— Нет! — Растерянный и испуганный Глеб неудобно сел на альбом в запоздалой попытке защитить фотографии и Машинистку, и все съезжал с высокой табуретки, цепляясь за края руками и упираясь в пол носками матерчатых туфель.
— Сученок! — обиделась телефонистка. — Отцу нажалуюсь… Сам отберет, да еще задницу надерет…, — и строго двинулась, раздраженно колебля полное тело под застиранным сатиновым платьем в горошек, к себе в комнатку, убогую, почти нищенскую, с редкой мебелью, принадлежащей воинской части…
— Отдай фотографии, Глебушка, — попросил отец ненастойчиво и посмотрел на мать. — Соседка…, — он помялся, видимо, не зная, стоит ли посвящать сына в специфику работы военной телефонистки, почти наверняка сотрудничающей с органами, и неуверенно закончил: — …может наделать неприятностей… и комнату отберут…
И он отдал альбом, стыдясь себя, матери…, лишь вытащил наспех наугад два десятка фотографий, как потом оказалось, в основном — лошадей…, и спрятал их в матерчатый мешок из-под галош, в которых ходил в школу, и, затянув горловину шнурком, снес в жуткие подвалы стекольного завода на окраине, разбомбленного немцами пару лет назад…
После окончания куйбышевского медицинского института Глеб отработал два года в городской больнице родной Сызрани, удивляя опытных хирургов неожиданным, почти сверхъестественным операторским мастерством… и виртуозным исполнением двух скрипичных каприсов Паганини на темы «Прекрасной Мельничихи», одни из которых считался неисполняемым из-за технических трудностей. К сожалению, а, может, к счастью, с подобным блеском он не умел играть больше ничего…

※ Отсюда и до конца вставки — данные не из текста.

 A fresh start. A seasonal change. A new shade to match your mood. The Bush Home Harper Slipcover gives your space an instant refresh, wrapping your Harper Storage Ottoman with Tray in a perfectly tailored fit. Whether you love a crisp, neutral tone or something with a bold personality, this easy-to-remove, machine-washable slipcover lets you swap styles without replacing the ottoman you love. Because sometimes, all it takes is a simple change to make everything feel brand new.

Переехав в Москву, Глеб нашел работу в медсанчасти машиностроительного завода на Шоссе Энтузиастов и кровать в заводском общежитии и, забывая скрипку, все больше погружался в хирургическое ремесло.
В медсанчасти он познакомился с девушкой, почти девочкой, из регистратуры, неожиданно сильно и ярко напомнившей ему Машинистку не только многочисленными бородавками, совсем не портившими ее, но и статью высокой и стройной фигуры, и еще чем-то неуловимо волнующим и забытым, и влюбился… Она была выше немного и старше, но, странное дело, это лишь усиливало любовь… Ее звали Анной… и вскоре он знал до деталей историю жизни ее семьи почти с Петровских времен, поражаясь физическому сходству и трагической похожести судеб двух самых значительных женщин своей жизни той поры…

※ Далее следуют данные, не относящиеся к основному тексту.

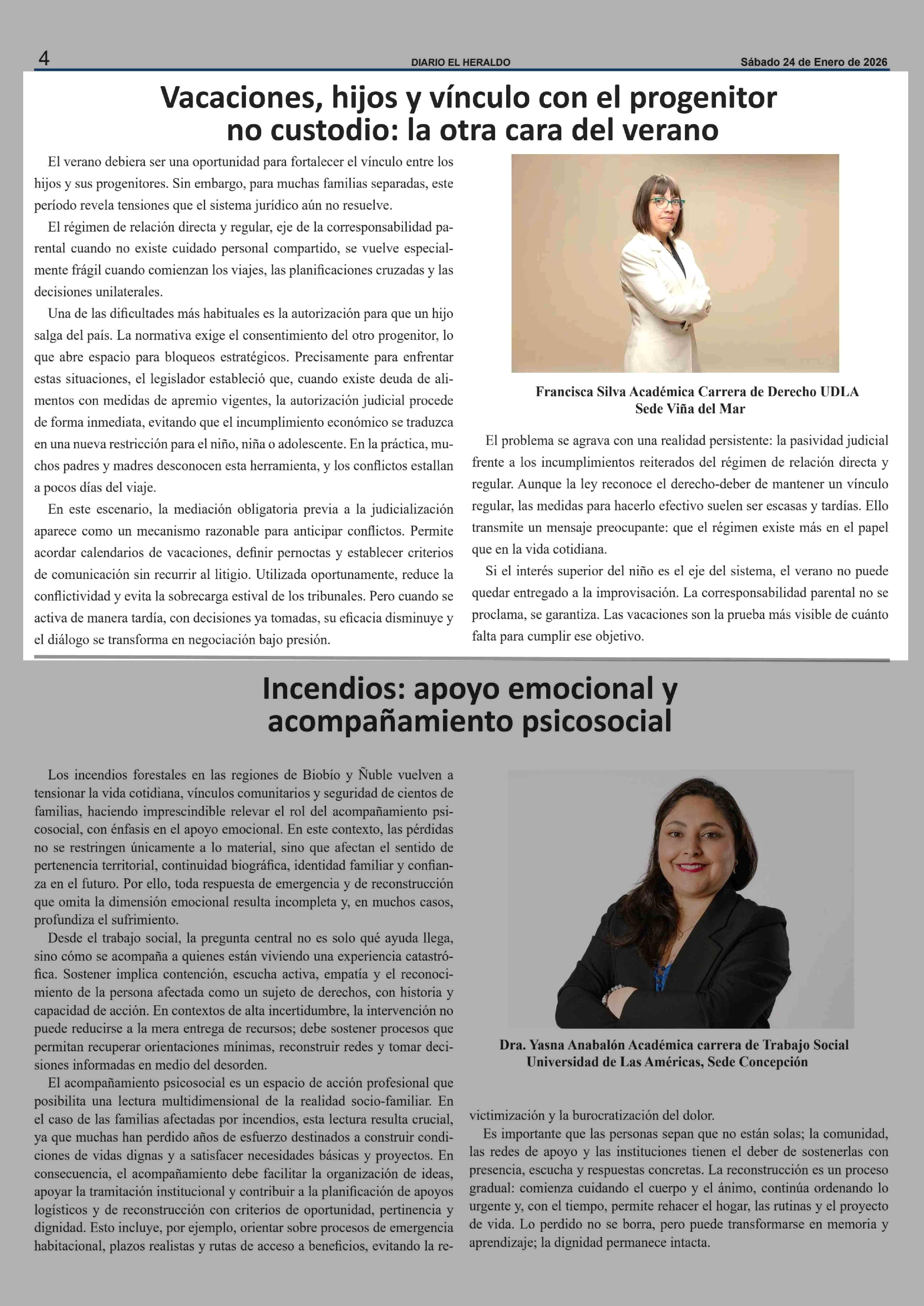 Columnas de Opinión: Vacaciones, hijos y vínculo con el progenitor no custodio: la otra cara del verano 24-01-2026 El Heraldo |

Вскоре он стал подрабатывать ночным дежурантом в хирургической клинике медицинского института. Его сразу заметили и повели к заведующему: всемогущему по тем временам академику Ивановскому…
— Да! Руки у тебя хорошие… Может быть, очень… Даже не верится…, что такое возможно…, — осторожно сказал интеллигентный академик без единого матерного слова, когда они вышли из операционной. — К сожалению, это не самое главное в хирургии… Если хочешь научиться остальному, оставайся…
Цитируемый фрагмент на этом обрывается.